For years Netflix has been analyzing what we watched
last night to suggest movies or TV shows that we might like to watch
tomorrow. Now it is using the same formula to prefabricate its own
programming to fit what it thinks we will like. Isn’t the inevitable
result of this that the creative impulse gets channeled into a pre-built
canal?
It’s certainly possible to overstate the case here. One
could argue that Netflix’s strategy is only a slightly more
sophisticated version of what’s already been in place for, well,
forever. We wouldn’t be seeing teenage vampires or zombies every time we
turn on the TV if the money that bankrolls the content creation
business hadn’t already decided that’s what we want to see. Actors who
have the fortune to appear in hit movies or TV show get more parts to
play. So what else is new?
But there’s a level of specificity made
possible by Big Data that suggests we’re headed into new territory.
“House of Cards” is just one symptom of a society-wide shift. The Obama
campaign used the same kind of number crunching to target voters with
more accuracy than any political campaign had ever accomplished before.
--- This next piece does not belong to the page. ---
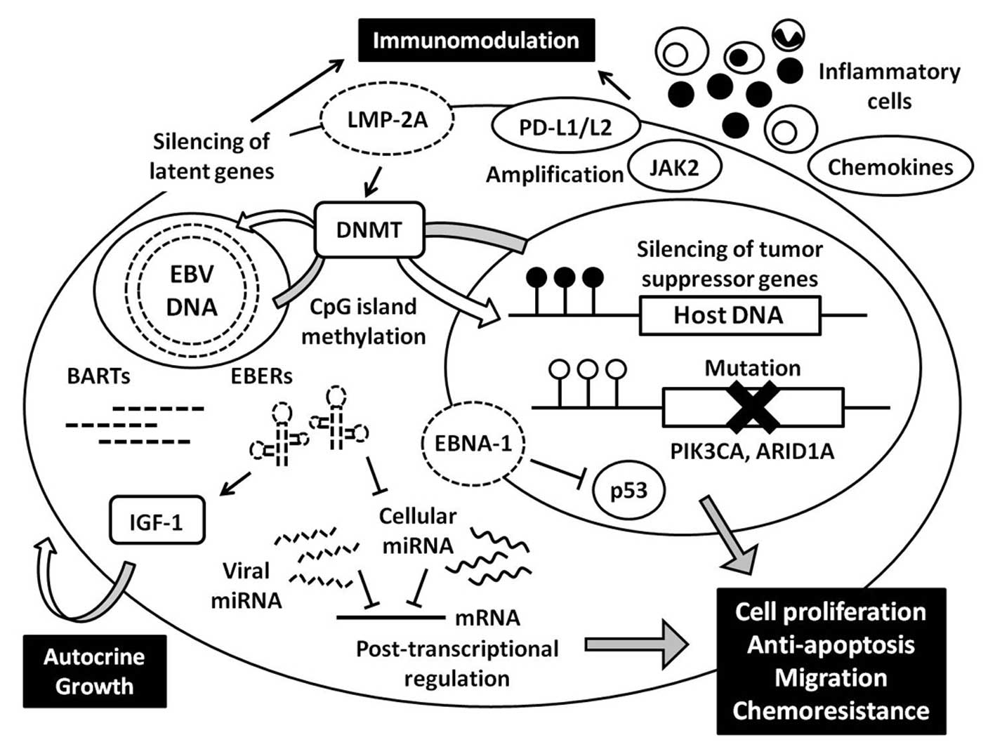 EBVaGC is a distinct subtype of gastric carcinoma with regard to both its clinicopathological and molecular features. Recent advances in comprehensive genome-wide analysis have provided novel findings regarding the genetic and epigenetic abnormalities that are unique to EBVaGC, and these various factors cooperate to develop carcinoma (Fig. 6). Global and non-random CpG island hypermethylation is characteristic feature of EBVaGC, and epigenetic silencing of various genes, especially tumor suppressor genes, play a key role in carcinogenesis. Furthermore, increased activation of DNA methyltransferase by LMP-2A also induces hypermethylation of EBV genome itself, resulting in limited expression of latent genes, which may benefit in escaping from immune response by the host. Viral specific transcripts including latent genes and miRNAs have oncogenic properties such as increased cell proliferation and motility, anti-apoptotic effect, and chemoresistance, which help tumor progression. Although EBVaGC is relatively genomically stable, frequent mutations in the PIK3C and ARID1A genes are found; and the roles of these mutations in carcinogenesis are expected to be clarified in the future studies. Furthermore, there remain questions regarding how and when these mutations occur, what triggers hypermethylation, and how host cells regulate the transcription of viral genes. Finally, the interaction between carcinoma and inflammatory cells is another key to understand its carcinogenesis, which will also benefit the development of disease-specific therapies.

Online advertisers are also gathering vast amounts of detailed
information about us from our smartphones, our Facebook likes and our
Google searches.
The sheer amount of data available to crunch is
already phenomenal and is growing at an extraordinary rate. Last summer,
at a panel discussion that included several significant players in the
emerging Big Data universe, Michael Karasick, a V.P. at IBM Research,
estimated
that there is “a thousand exabytes of data on the planet anywhere.” An
exabyte is one quintillion bytes, or 1,000 gigabytes. That’s a lot of
ones and zeroes all by itself, but the mind-boggling part of the
equation is that Karasick predicted that just two years from now there
will be 9,000-10,000 exabytes of data on the planet.
The companies
that figure out how to generate intelligence from that data will know
more about us than we know ourselves, and will be able to craft
techniques that push us toward where they want us to go, rather than
where we would go by ourselves if left to our own devices. I’m guessing
this will be good for Netflix’s bottom line, but at what point do we go
from being happy subscribers, to mindless puppets?